*Work to be completed*: Your task is to write out the entire listing exactly, omitting its pictures.

**** Supplied records

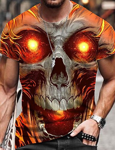 Miesten 3D Print Helvetin liekit 3D Luuranko T-paita Lyhythihainen T-paita 3D-tulostus Tiukka pyöreä kaula-aukko Paita Liioiteltu Suunnittelija Kauhu Juhla Katu Pyhäpäivä Oranssi 3 Oranssi Oranssi 2
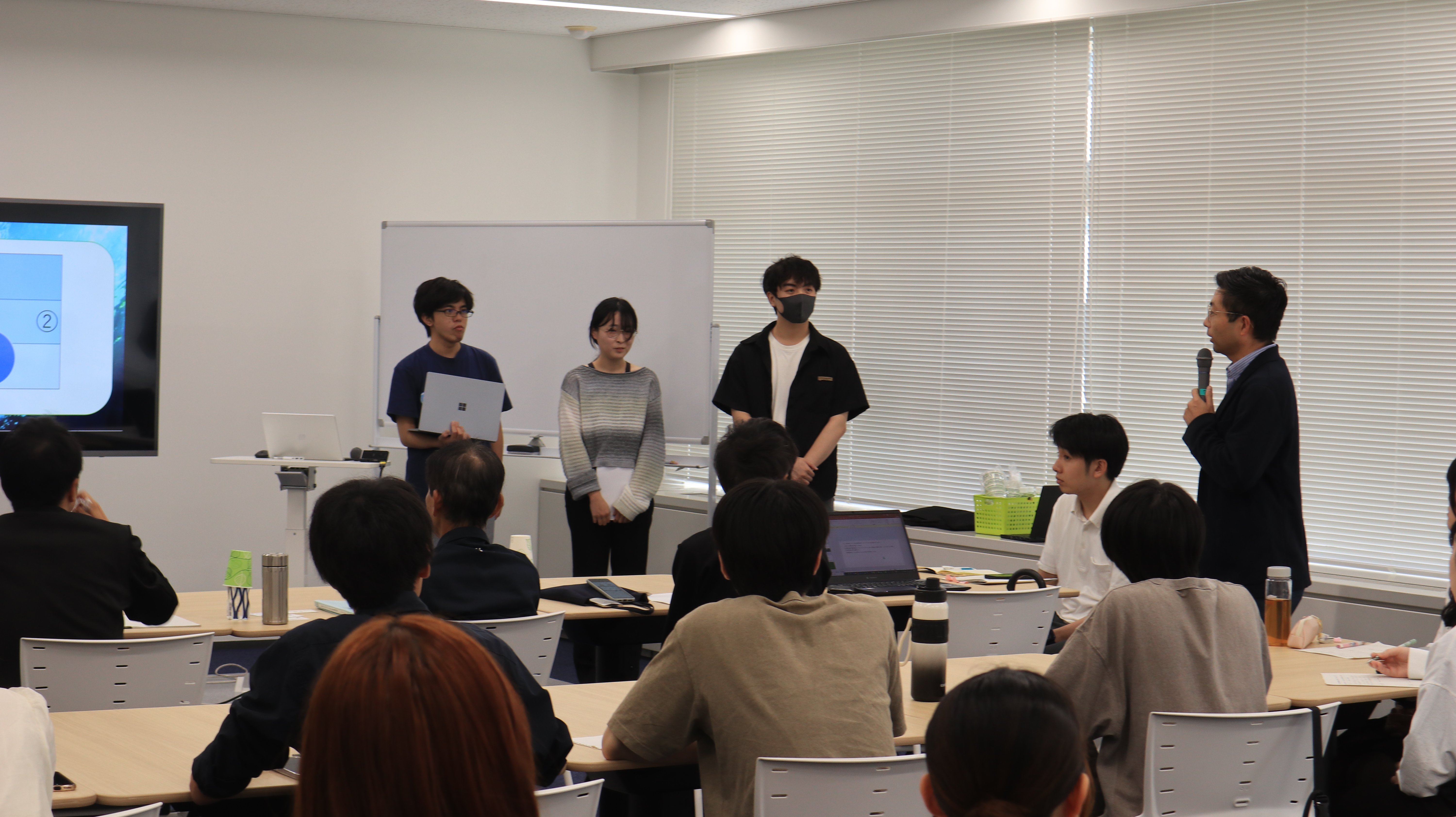 各グループでプロジェクトのテーマを設定し、夏季休暇中に企業への訪問を行いました。学生が考えるその企業の課題や提案などをもとに最終まとめを行い、9月29日には、お世話になった企業等の皆さんの前で最終報告をしました。
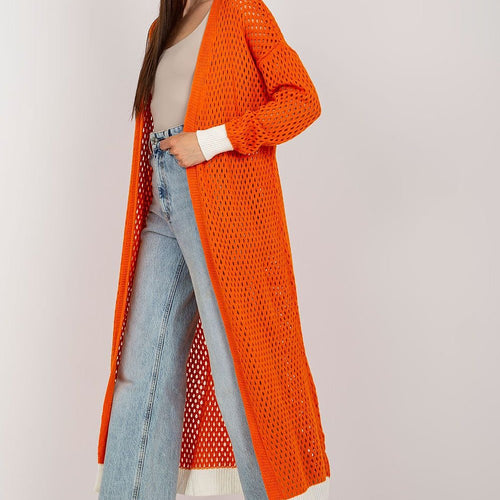 Openwork long sleeve cardigan, unbuttoned. Sleeves and hem finished with contrasting color. Acrylic 70 % wool 30 % Size Total length Chest one-size-fits-all 137 cm 116 cm
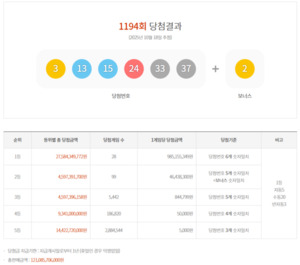 [뉴스클레임]로또 제1194회 당첨번호가 발표됐다.동행복권에 따르면 이번 회차 1등 당첨번호는 ‘3, 13, 15, 24, 33, 37’이다. 2등 보너스 번호는 ‘2’이다.1등 당첨자는 총 28명으로, 각 9억8515만5349원의 당첨금을 받는다.2등 당첨자는 총 99명이다. 이들은 각 4643만8300원의 당첨금을 받게 된다.3등 당첨자 5442명은 84만4799원씩의 당첨금을 받는다.고정당첨금 5만원을 받는 4등 당첨자는 총 18만6820명이다.고정당첨금 5000원을 받는 5등 당첨자는 288만4544명이다.1등 당첨자 28명
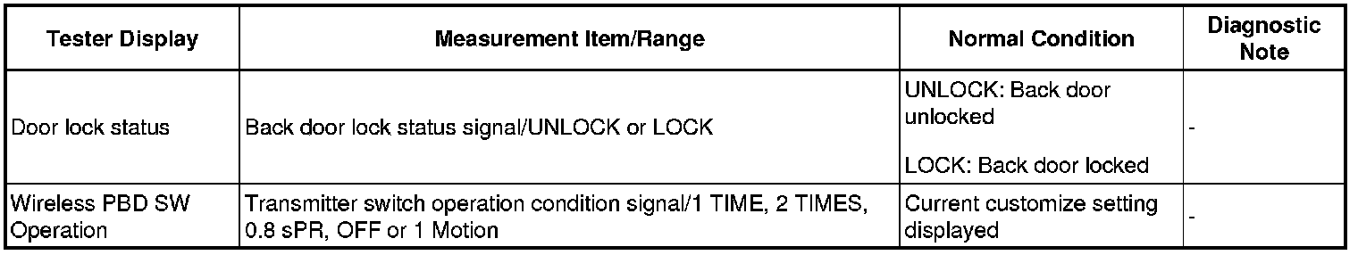 DOOR LOCK: WIRELESS DOOR LOCK CONTROL SYSTEM: DATA LIST / ACTIVE TEST
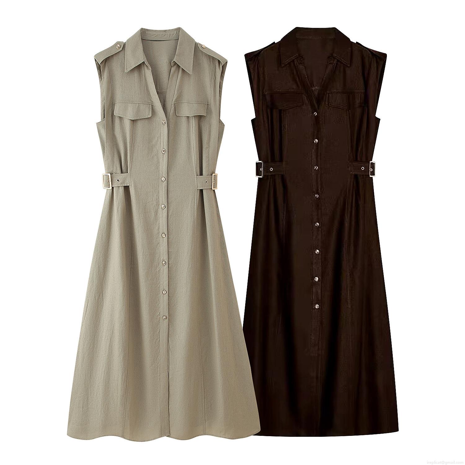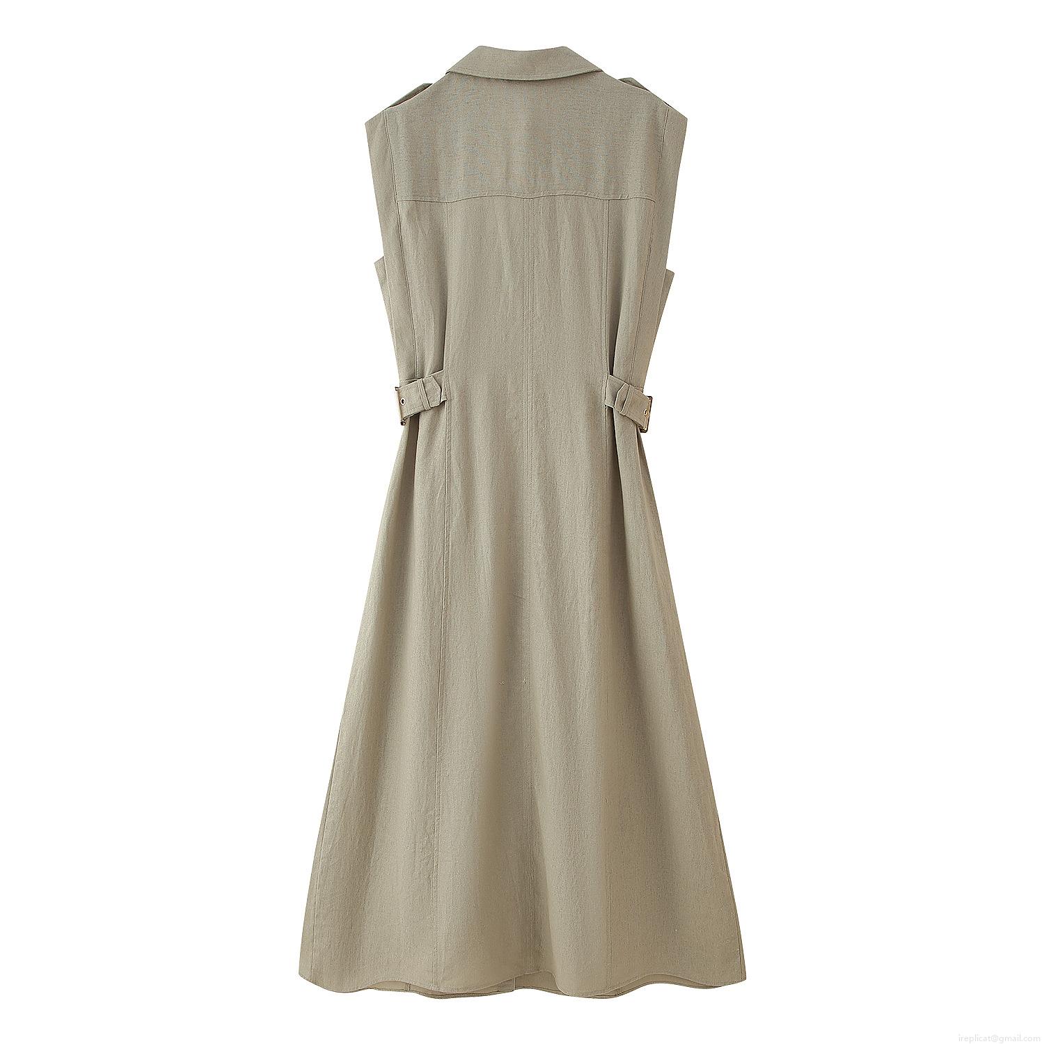 • Women's Casual Sleeveless Shirt Dress V Neck Button Down Maxi Dress With Flap Pockets Waist Adjuster Linen Blend A-Line Long Skirt For Women Daily Office Travel

********

*Answer box*:
 Miesten 3D Print Helvetin liekit 3D Luuranko T-paita Lyhythihainen T-paita 3D-tulostus Tiukka pyöreä kaula-aukko Paita Liioiteltu Suunnittelija Kauhu Juhla Katu Pyhäpäivä Oranssi 3 Oranssi Oranssi 2
 各グループでプロジェクトのテーマを設定し、夏季休暇中に企業への訪問を行いました。学生が考えるその企業の課題や提案などをもとに最終まとめを行い、9月29日には、お世話になった企業等の皆さんの前で最終報告をしました。
 Openwork long sleeve cardigan, unbuttoned. Sleeves and hem finished with contrasting color. Acrylic 70 % wool 30 % Size Total length Chest one-size-fits-all 137 cm 116 cm
 [뉴스클레임]로또 제1194회 당첨번호가 발표됐다.동행복권에 따르면 이번 회차 1등 당첨번호는 ‘3, 13, 15, 24, 33, 37’이다. 2등 보너스 번호는 ‘2’이다.1등 당첨자는 총 28명으로, 각 9억8515만5349원의 당첨금을 받는다.2등 당첨자는 총 99명이다. 이들은 각 4643만8300원의 당첨금을 받게 된다.3등 당첨자 5442명은 84만4799원씩의 당첨금을 받는다.고정당첨금 5만원을 받는 4등 당첨자는 총 18만6820명이다.고정당첨금 5000원을 받는 5등 당첨자는 288만4544명이다.1등 당첨자 28명
 DOOR LOCK: WIRELESS DOOR LOCK CONTROL SYSTEM: DATA LIST / ACTIVE TEST
 • Women's Casual Sleeveless Shirt Dress V Neck Button Down Maxi Dress With Flap Pockets Waist Adjuster Linen Blend A-Line Long Skirt For Women Daily Office Travel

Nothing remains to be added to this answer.